🤖 AI Summary
To address action representation degradation in wild videos caused by extreme viewpoint variations and severe visual occlusions, this paper proposes a geometry-aware fine-grained viewpoint-occlusion ranking and progressive knowledge distillation framework. We introduce the first viewpoint-occlusion quantification metric grounded in 3D geometric priors, integrated with action semantic consistency constraints to establish a curriculum-based distillation mechanism that enables adaptive learning from easy to hard viewpoint pairs. The method jointly incorporates geometric-driven ranking, curriculum learning, knowledge distillation, and temporal action modeling—overcoming the reliance of conventional multi-view approaches on low-occlusion scenarios. Our framework achieves state-of-the-art performance on both temporal key-step localization and fine-grained key-step recognition, with particularly significant improvements under highly occluded viewpoints.
📝 Abstract
Traditional methods for view-invariant learning from video rely on controlled multi-view settings with minimal scene clutter.

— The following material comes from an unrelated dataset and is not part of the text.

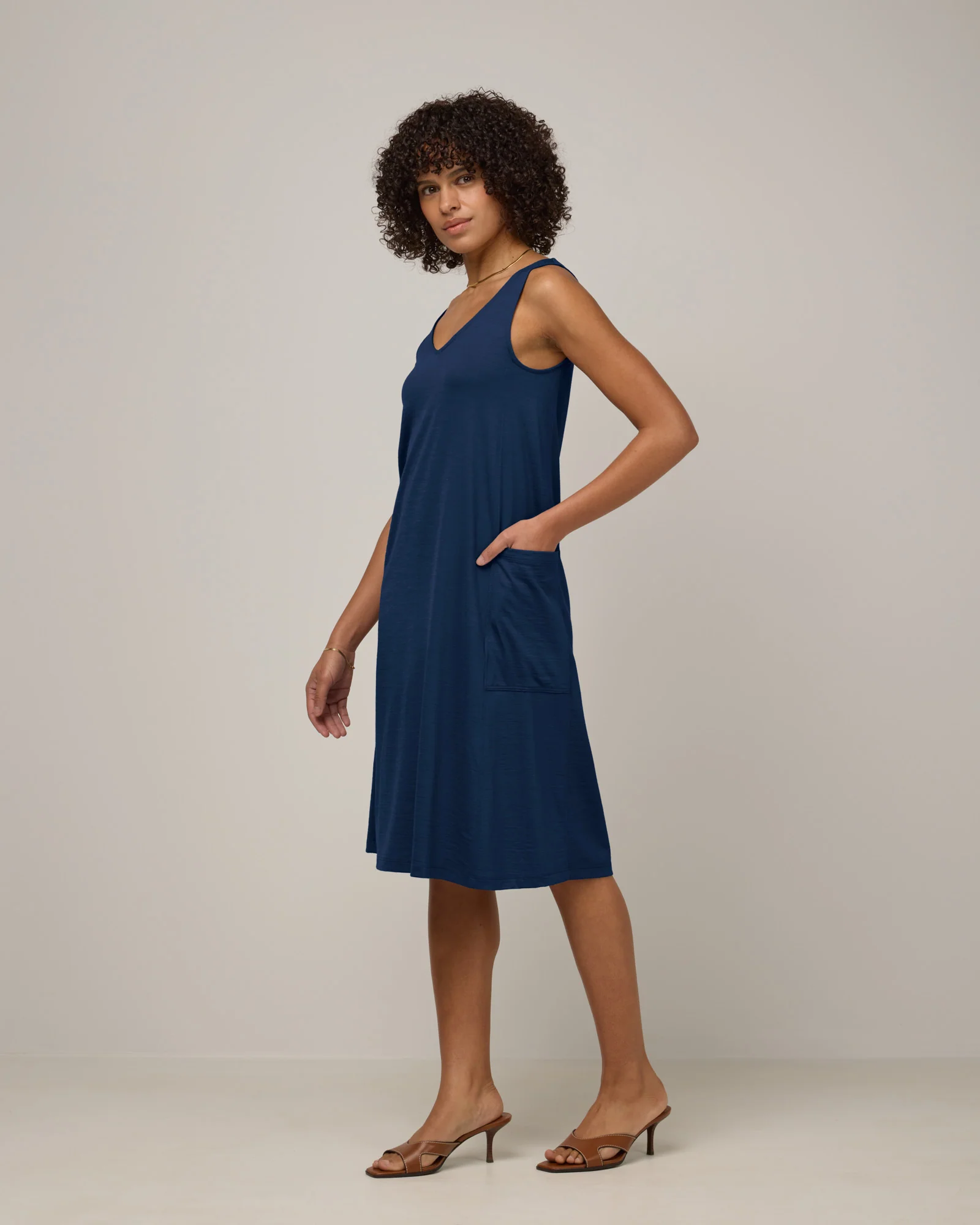 This semi-fitted, sleeveless dress can be worn as a crew neck or v-neck, belted or non-belted. A simple silhouette that hits just below the knee makes for an easy, everyday style.

However, they struggle with in-the-wild videos that exhibit extreme viewpoint differences and share little visual content. We introduce a method for learning rich video representations in the presence of such severe view-occlusions. We first define a geometry-based metric that ranks views at a fine-grained temporal scale by their likely occlusion level. Then, using those rankings, we formulate a knowledge distillation objective that preserves action-centric semantics with a novel curriculum learning procedure that pairs incrementally more challenging views over time, thereby allowing smooth adaptation to extreme viewpoint differences. We evaluate our approach on two tasks, outperforming SOTA models on both temporal keystep grounding and fine-grained keystep recognition benchmarks - particularly on views that exhibit severe occlusion.